# Kingwood



## Weasel (Jun 18, 2012)

This is a call that does prey distress from birds to pups and everything in between.
Kingwood is solid, dense and strong. This call has a very easy to use toneboard.
















$30 to anywhere in the US and I'll pay the postage.
Thanks for looking.


----------



## azpredatorhunter (Jul 24, 2012)

Nice call..


----------



## prairiewolf (Feb 19, 2012)

Nice looking call !! I have never tried Kingwood.


----------



## Weasel (Jun 18, 2012)

Thanks for the kind words.

Stonegod, Here is a C&P about Kingwood:

*"Kingwood is an exotic wood that is light to dark violet brown with lighter and darker stripes of purple. Also called Violetwood or Violete. Bright luster, fine texture and is very stable in service. Very hard and heavy. Takes a high natural polish and develops patina as it ages. Fairly rare. Can be used for inlay, turning, fancy accessories. Kingwood comes from Brazil"*

It's fairly expensive and is probably why we don't see more calls turned from it.

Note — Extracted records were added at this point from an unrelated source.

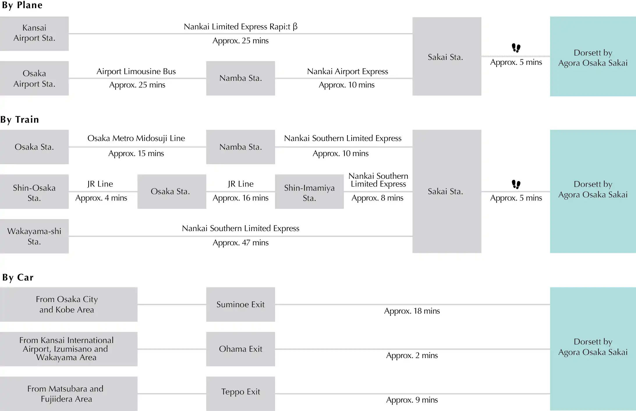 Conveniently located just a 5-minute walk from Sakai Station on the Nankai Main Line, Dorsett by Agora Osaka Sakai offers seamless access to Kansai International Airport and Wakayama via the "Rapi β" and "Southern" rapid express trains. Only three stops away from Namba, Osaka's vibrant hub for shopping, dining, and entertainment, our hotel ensures exceptional convenience.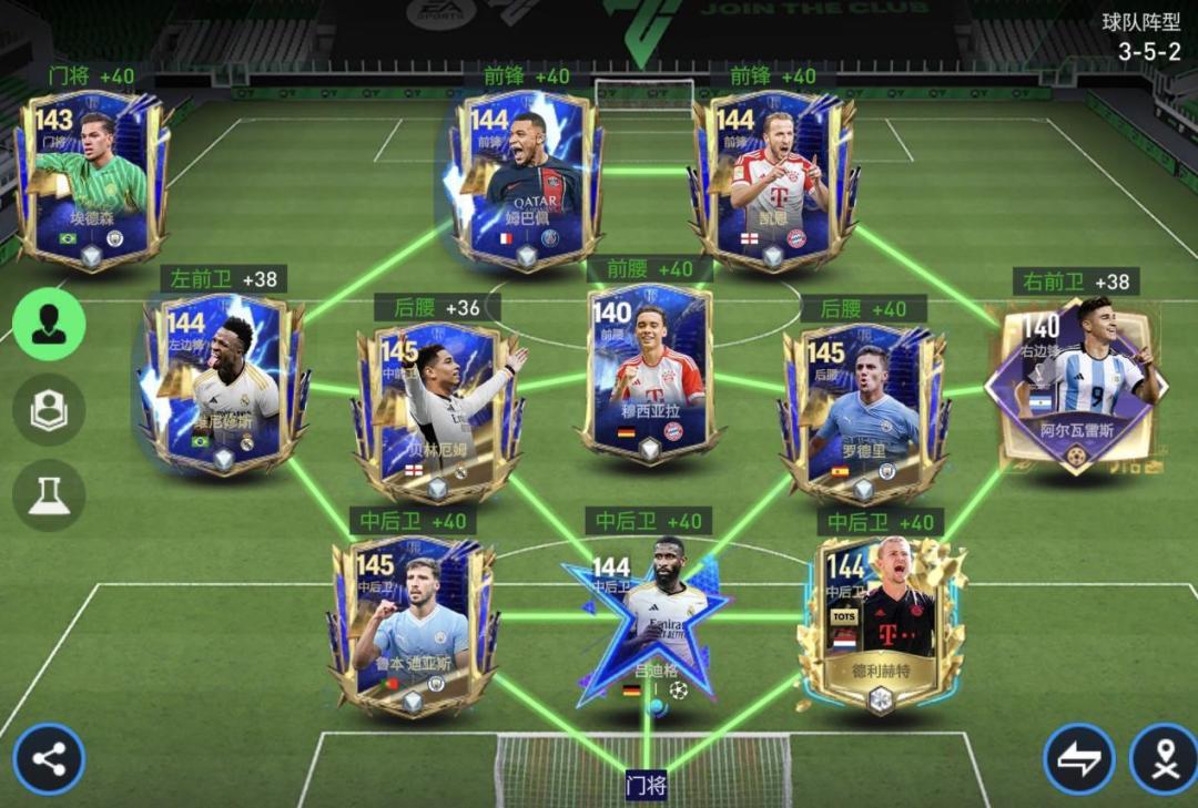 各位《FC足球世界》的玩家朋友们好,欧冠淘汰赛激战正酣!本期我们介绍的队套是由欧冠淘汰赛16进8次回合比赛中表现优秀的球员组成。欧冠赛场上大放异彩的球员门,在我们游戏中表现如何呢?我们一睹为快! 阵容方面 首发阵容(3-5-2) 首发: 前场:姆巴佩,凯恩 中场:维尼修斯,贝林厄姆,穆西亚拉,罗德里,阿尔瓦雷斯 后场:鲁本·迪亚斯,吕迪格,德利赫特 门将:埃德森 实战打法 进攻方式1(佯攻一路,大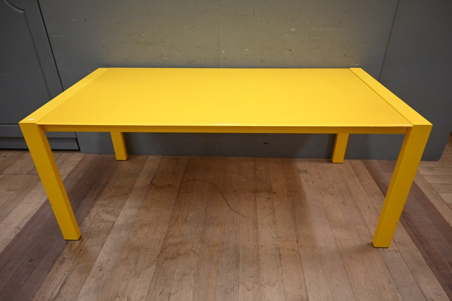 AN AERO POP YELLOW GLASS AND POWDERCOATED METAL TABLE (A/F) (74H X 180W X 91D CM) (PLEASE NOTE THIS HEAVY ITEM MUST BE REMOVED BY CLIENTS OR CARRIERS AT THE CUSTOMERS EXPENSE. LEONARD JOEL STAFF CANNOT ASSIST CARRYING THIS ITEM)

The sound qualities makes the extra expence well worthwhile in my opinion. Of course the beauty is nice too!


----------



## Rick Howard (Feb 25, 2012)

Nice weasel. Top notch there. I really like kingwood. I have made a few calls from it. It machines like a dream, sounds great, and looks great.


----------



## prairiewolf (Feb 19, 2012)

Ok, Ok another wood order coming up. LOL


----------



## prairiewolf (Feb 19, 2012)

SG, not to take over Weasels post, but I have been looking at some and it prices higher than cocobolo or some of the other rosewoods. it is from brazil so I am sure in a short time it will start to be alot more rare.But as for right now not close to the rarity of bois de rose or snakewood.


----------



## Weasel (Jun 18, 2012)

Prairiewolf nailed it. Not even close to the cost of Bois De Rose. If you want a call turned from rare wood, get on Prairiewolf's list.


----------



## Weasel (Jun 18, 2012)

*This call is sold!*


----------